* [Extracted data]
----

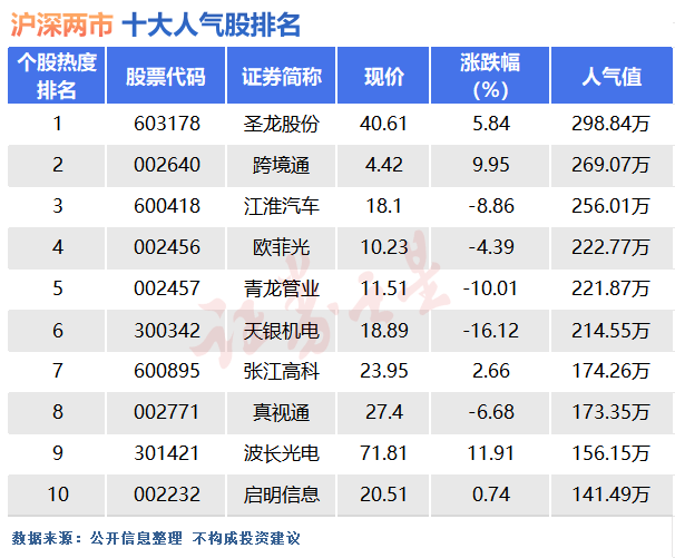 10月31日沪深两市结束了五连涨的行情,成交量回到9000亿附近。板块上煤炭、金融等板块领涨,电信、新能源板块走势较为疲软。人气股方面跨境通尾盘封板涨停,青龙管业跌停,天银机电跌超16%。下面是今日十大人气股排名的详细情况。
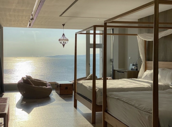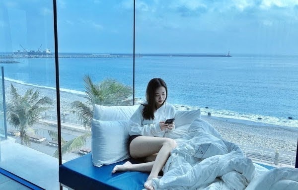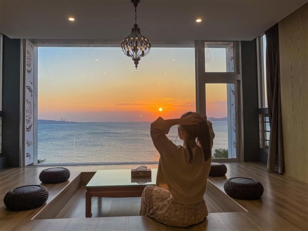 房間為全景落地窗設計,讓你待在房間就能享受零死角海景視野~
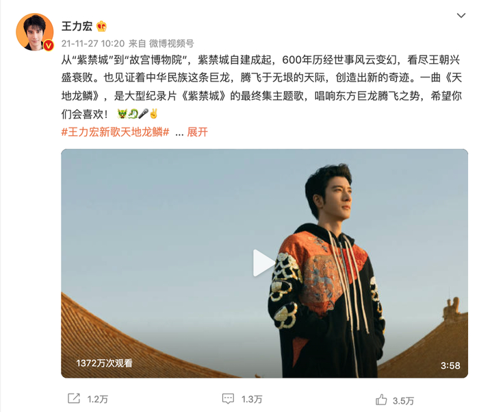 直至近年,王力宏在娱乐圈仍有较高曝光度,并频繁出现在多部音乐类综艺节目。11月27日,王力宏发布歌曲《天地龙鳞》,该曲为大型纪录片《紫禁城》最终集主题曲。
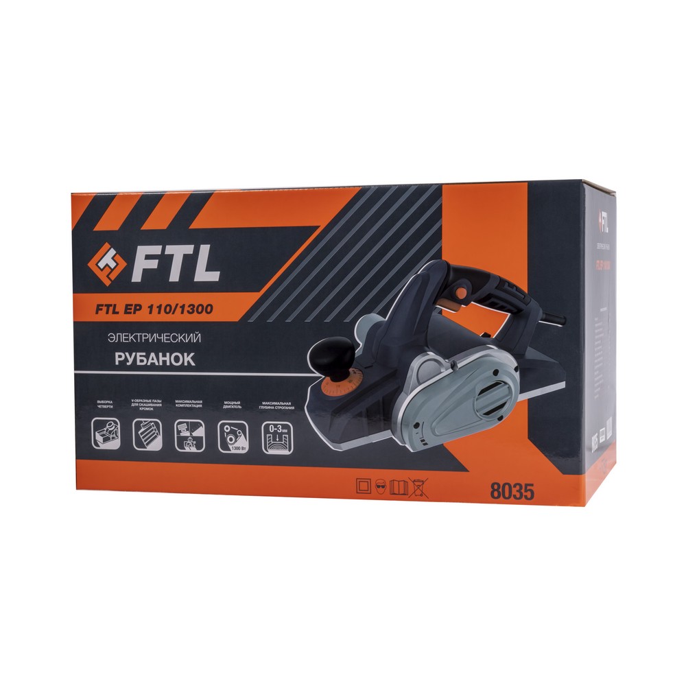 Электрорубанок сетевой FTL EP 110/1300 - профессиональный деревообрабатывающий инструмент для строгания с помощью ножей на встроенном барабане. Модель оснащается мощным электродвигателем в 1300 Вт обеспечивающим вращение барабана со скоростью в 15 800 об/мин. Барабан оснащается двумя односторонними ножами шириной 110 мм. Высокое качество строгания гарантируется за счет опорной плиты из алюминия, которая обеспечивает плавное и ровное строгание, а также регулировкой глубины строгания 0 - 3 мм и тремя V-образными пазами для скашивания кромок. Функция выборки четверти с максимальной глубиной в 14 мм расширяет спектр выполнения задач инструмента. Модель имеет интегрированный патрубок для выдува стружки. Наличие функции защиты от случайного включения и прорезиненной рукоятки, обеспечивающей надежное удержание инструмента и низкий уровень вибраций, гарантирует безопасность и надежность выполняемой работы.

----

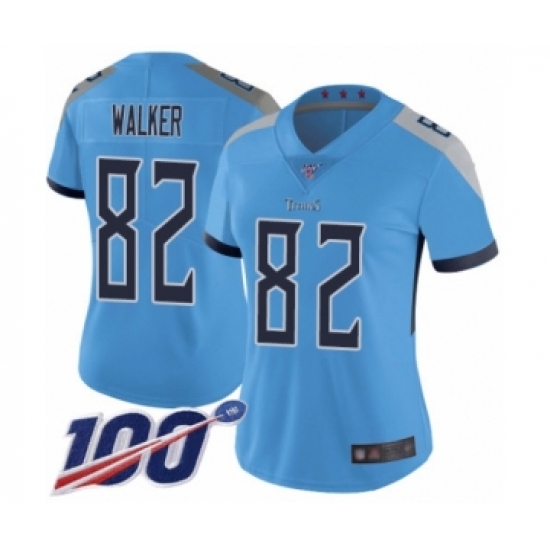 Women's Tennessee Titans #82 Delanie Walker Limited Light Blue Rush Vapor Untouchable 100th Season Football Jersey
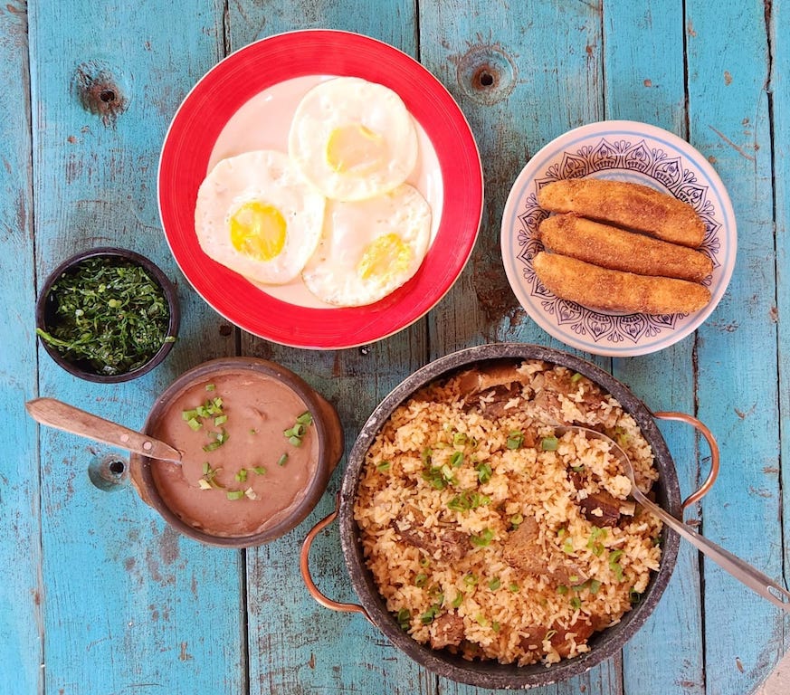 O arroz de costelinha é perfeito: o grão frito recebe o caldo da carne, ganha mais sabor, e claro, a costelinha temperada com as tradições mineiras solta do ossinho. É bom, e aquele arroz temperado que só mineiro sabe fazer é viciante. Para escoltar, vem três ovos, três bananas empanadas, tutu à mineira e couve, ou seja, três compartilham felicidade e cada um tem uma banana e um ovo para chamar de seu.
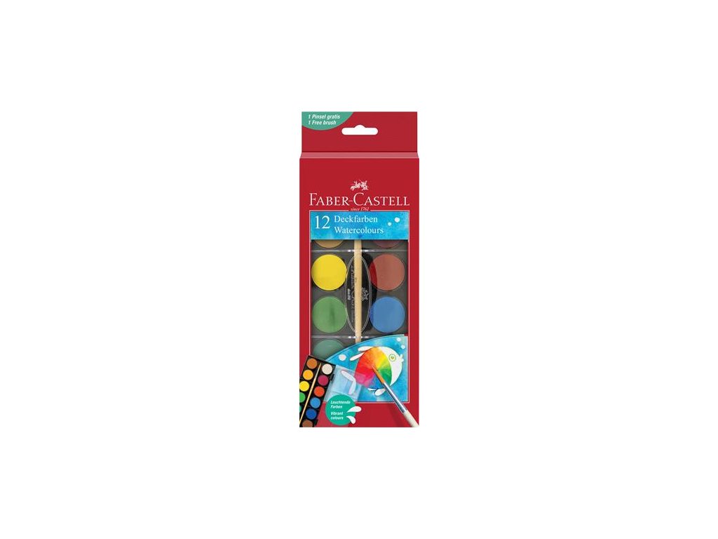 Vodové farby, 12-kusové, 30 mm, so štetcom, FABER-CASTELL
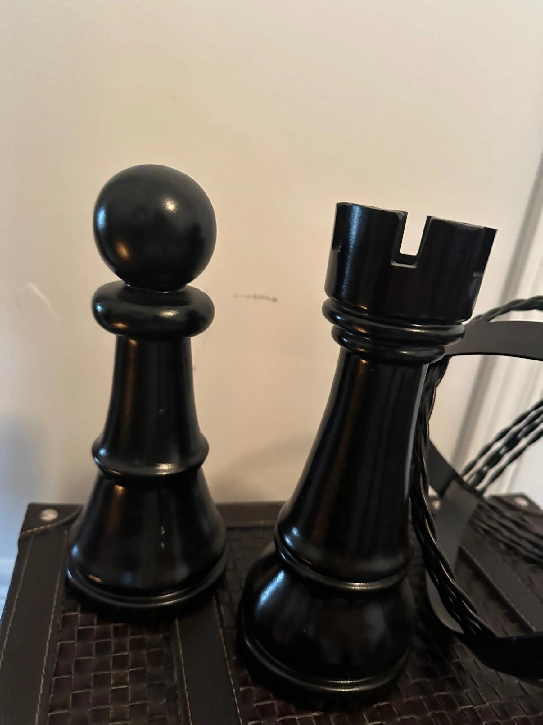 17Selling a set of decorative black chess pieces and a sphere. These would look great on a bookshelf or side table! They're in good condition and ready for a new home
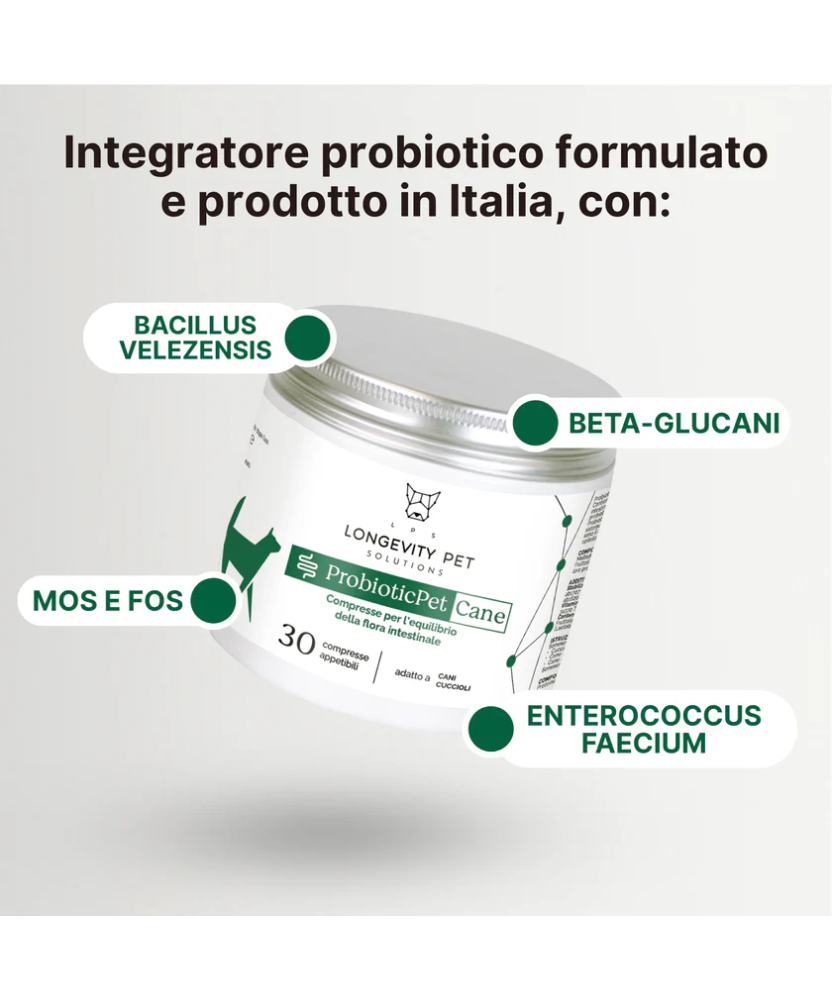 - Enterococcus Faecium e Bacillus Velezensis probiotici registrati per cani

----

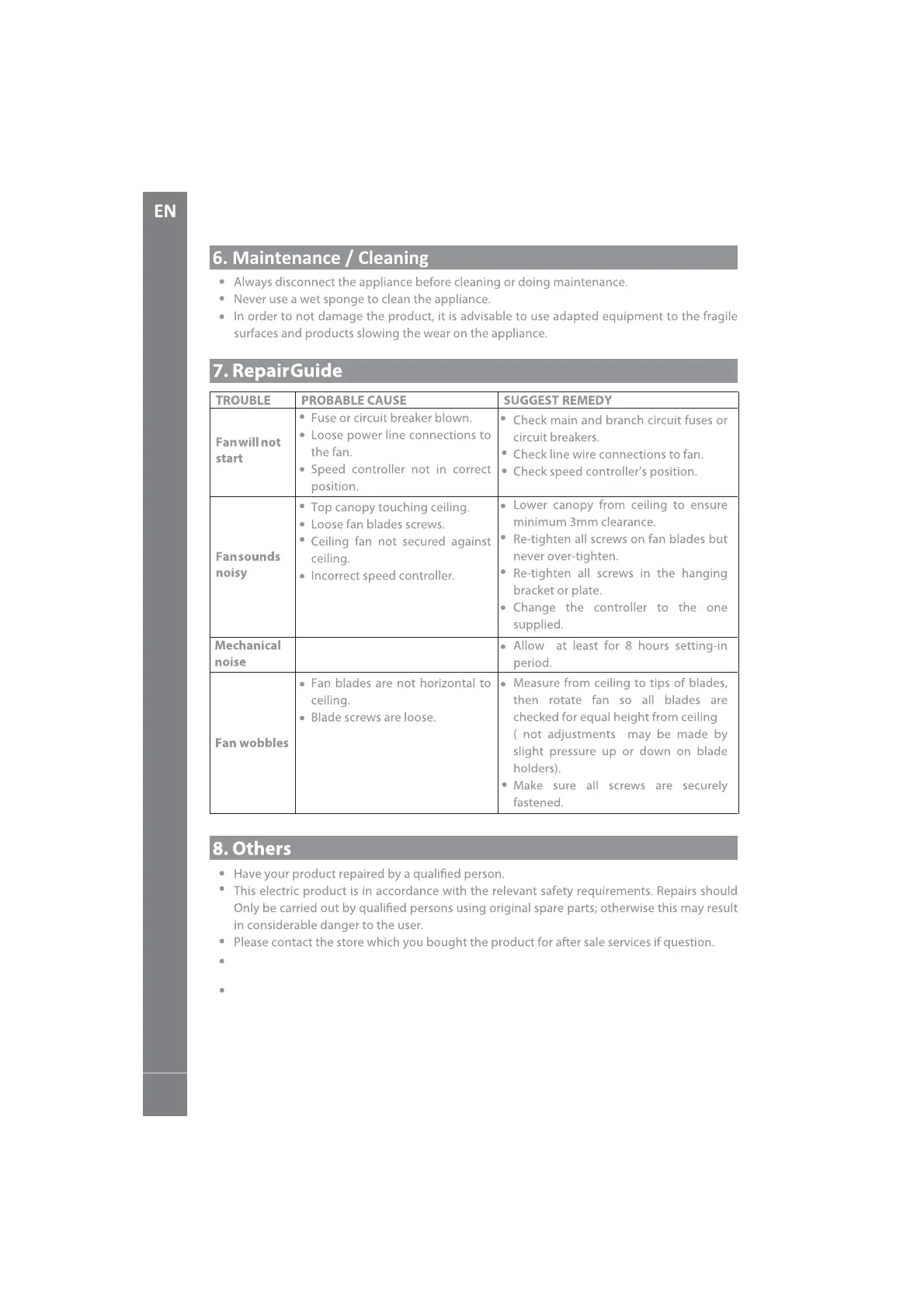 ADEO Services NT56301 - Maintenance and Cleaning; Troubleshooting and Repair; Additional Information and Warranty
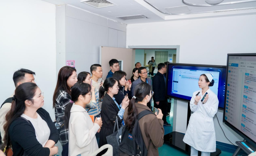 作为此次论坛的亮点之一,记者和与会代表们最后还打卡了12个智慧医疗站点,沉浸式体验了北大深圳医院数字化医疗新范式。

----

* [Task] Start with the line above containing "10月31日沪深两市结束了五" and end with the line containing "Электрорубанок сетевой FTL". Set down that stretch exactly, without any pictures.

* [Response area]
 10月31日沪深两市结束了五连涨的行情,成交量回到9000亿附近。板块上煤炭、金融等板块领涨,电信、新能源板块走势较为疲软。人气股方面跨境通尾盘封板涨停,青龙管业跌停,天银机电跌超16%。下面是今日十大人气股排名的详细情况。
 房間為全景落地窗設計,讓你待在房間就能享受零死角海景視野~
 直至近年,王力宏在娱乐圈仍有较高曝光度,并频繁出现在多部音乐类综艺节目。11月27日,王力宏发布歌曲《天地龙鳞》,该曲为大型纪录片《紫禁城》最终集主题曲。
 Электрорубанок сетевой FTL EP 110/1300 - профессиональный деревообрабатывающий инструмент для строгания с помощью ножей на встроенном барабане. Модель оснащается мощным электродвигателем в 1300 Вт обеспечивающим вращение барабана со скоростью в 15 800 об/мин. Барабан оснащается двумя односторонними ножами шириной 110 мм. Высокое качество строгания гарантируется за счет опорной плиты из алюминия, которая обеспечивает плавное и ровное строгание, а также регулировкой глубины строгания 0 - 3 мм и тремя V-образными пазами для скашивания кромок. Функция выборки четверти с максимальной глубиной в 14 мм расширяет спектр выполнения задач инструмента. Модель имеет интегрированный патрубок для выдува стружки. Наличие функции защиты от случайного включения и прорезиненной рукоятки, обеспечивающей надежное удержание инструмента и низкий уровень вибраций, гарантирует безопасность и надежность выполняемой работы.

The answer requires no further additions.